Create or Replace

I have seen the topic of “PUT” requests discussed a few different places, but never quite exactly in the context that I was looking for. I’ve seen “PUT” discussed in terms of “using PUT for a partial update”. I don’t really care about that, what I am interested in is more a “Create or Replace”.

For example, I have a partner using my API and they want to send some configuration data to my API. That configuration data may change over time in which case I want them to send me the new configuration data. I do not want to put the burden on them to keep track of if they need to use a POST (to create) or a PATCH (to update) that resource. So in my mind this seems like a perfect use case for using a PUT. The alternative would be having them always do a POST - in which case the server would have to do some lookups to find existing configuration to replace it or have them always do a PATCH - in which case I may have to create a “fake” configuration resource if it didn’t already exist.

I’m curious how other people are handling the “CREATE or REPLACE” scenario with jsonapi today without using PUT.


Built into the client, if a HEAD …/{id} returns nothing (404) POST else PATCH.
PUT would be nicer.

Does a configuration belong to something?

Idea #1

Let’s say it belongs to a project.

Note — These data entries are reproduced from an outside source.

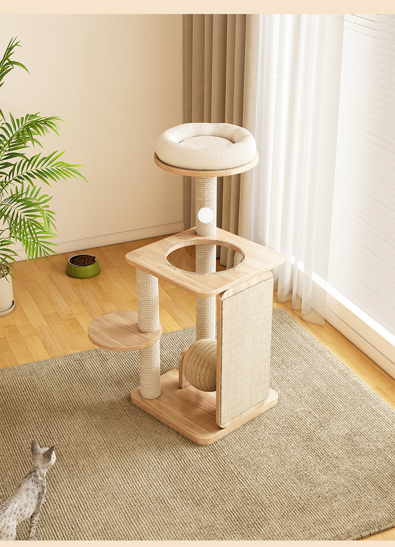 [맞춤형] 원목 고양이 클라이밍 프레임, 고양이 집 일체형, 공간 절약형, 고양이 클라이밍 랙, 고양이 스크래치 보드, 다기능 클라이밍
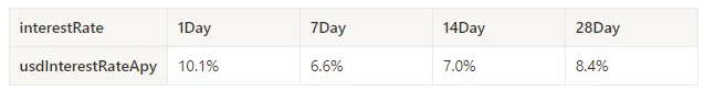 过去一周 USD 放贷年化收益平均为 6.6% ,短期利率升至在 10.1% 。
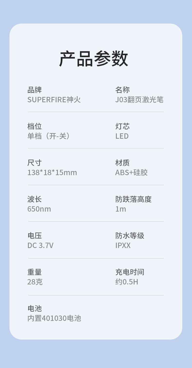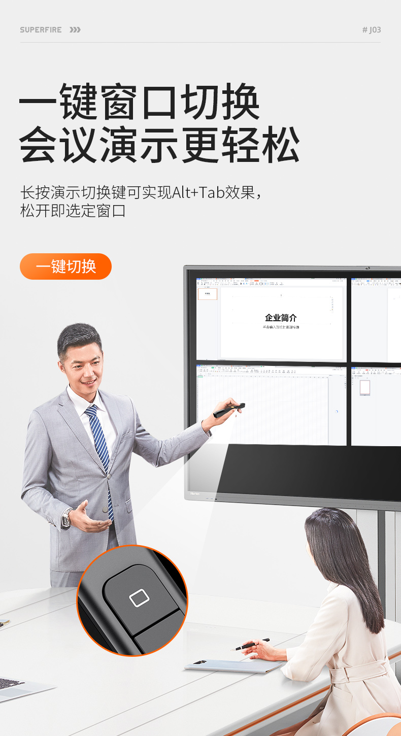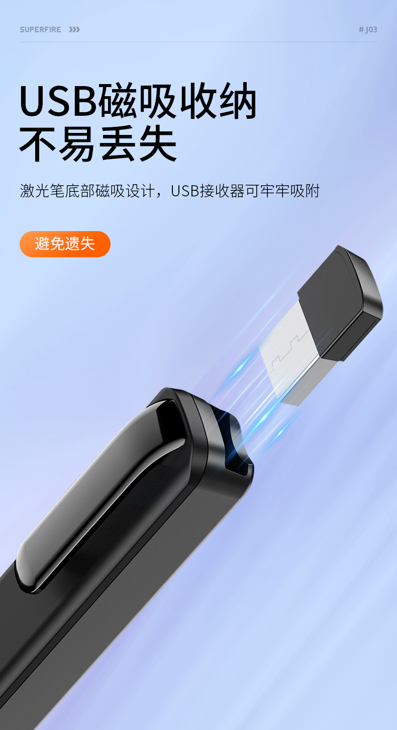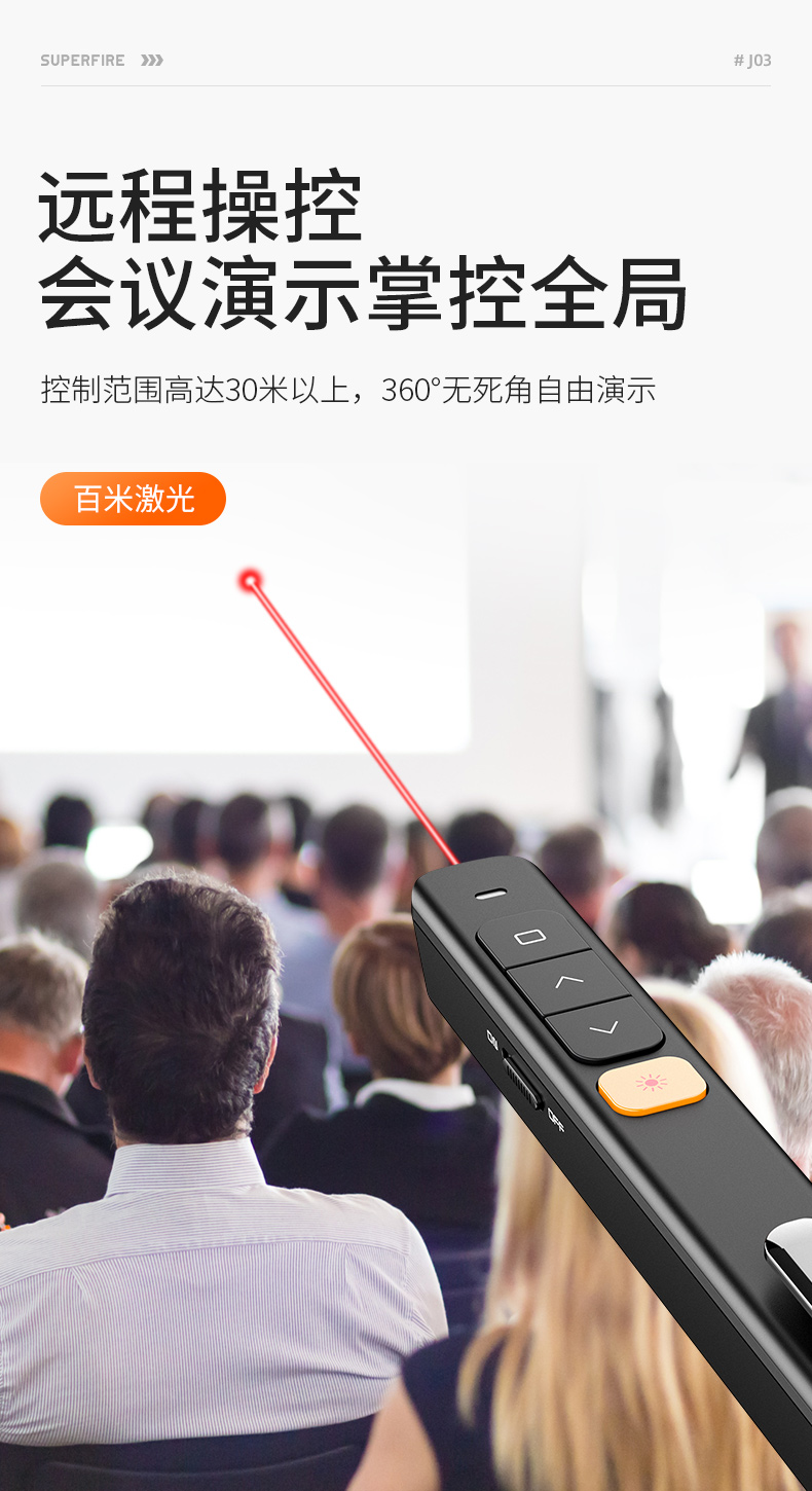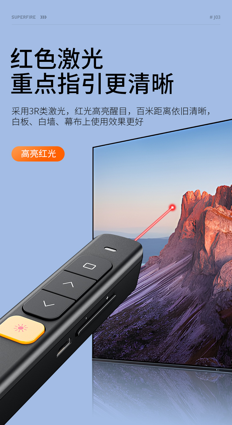 SUPERFIRE神火J03激光翻页笔多功能充电ppt教师用电子白板投影仪笔
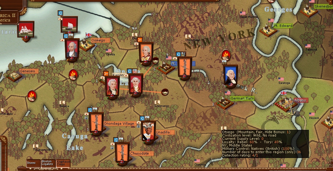 I spend 20 EPs on releasing an Indian warband.Washington is still at Albany with an ominous looking army how im going to defeat him now im not sure maybe i need to go on the defensive for a while.
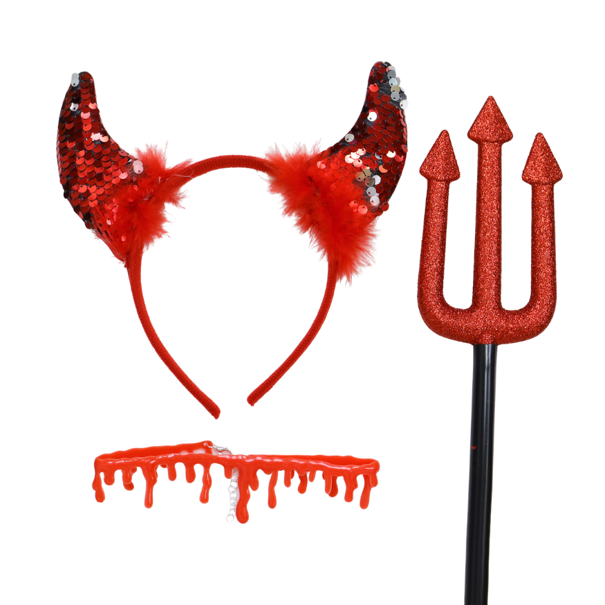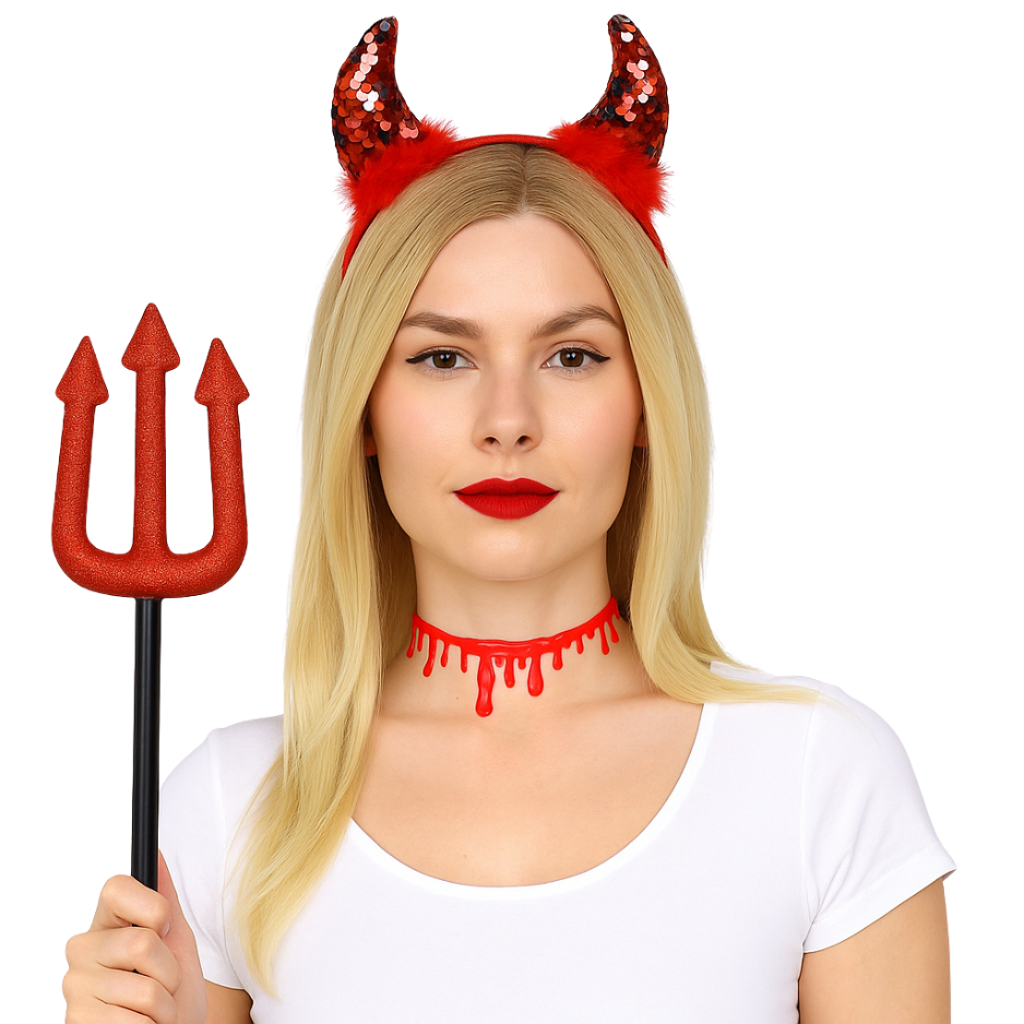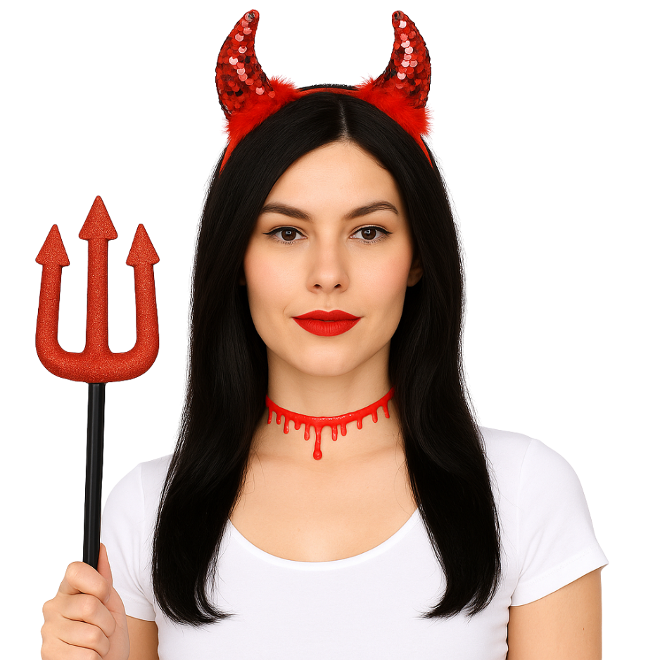 Transformeer jezelf in een duivelse verschijning in een handomdraai met deze complete 3-delige accessoiresset van Joya Kids®! Of je nu op zoek bent naar een opvallende look voor Halloween, carnaval of een verkleedfeestje – met deze set ben je meteen klaar om indruk te maken.
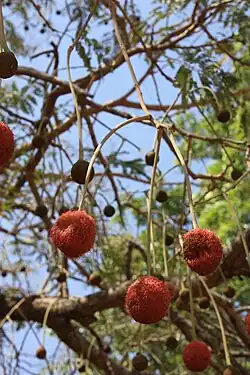 Dementsprechend hängen auch die bis zu 20–40 Zentimeter langen, 1,5–2,5 Zentimeter breiten, vielsamigen, glatten und kahlen, flachen, braunen Hülsenfrüchte zu mehreren an den Köpfchen. Die Samen mit Pleurogram sind glatt, hart und glänzend, dunkelbraun, sowie etwa 1–1,5 Zentimeter groß.

The client could do a POST /configurations and in the document, under the relationships field, make sure the project relationship is defined and points to the appropriate project. Internally, you handle that request by creating a new configuration and assigning it to the project.

Idea #2

Again, a configuration belongs to a project. You could make sure that any new project always has a configuration with default values. Therefore, there is always a configuration. The client needs to simply do a PATCH /projects/abc123/configuration or a PATCH /configurations/def456.

Idea #3

Nothing prevents you from pretending that all configurations (by that I mean all IDs) exist. If the client does a PUT /configurations/abc123 and abc123 does not exist in your database, simply pretend it already exists and “update” it with the appropriate values. You’re building an HTTP API, not a thin layer on top of your database.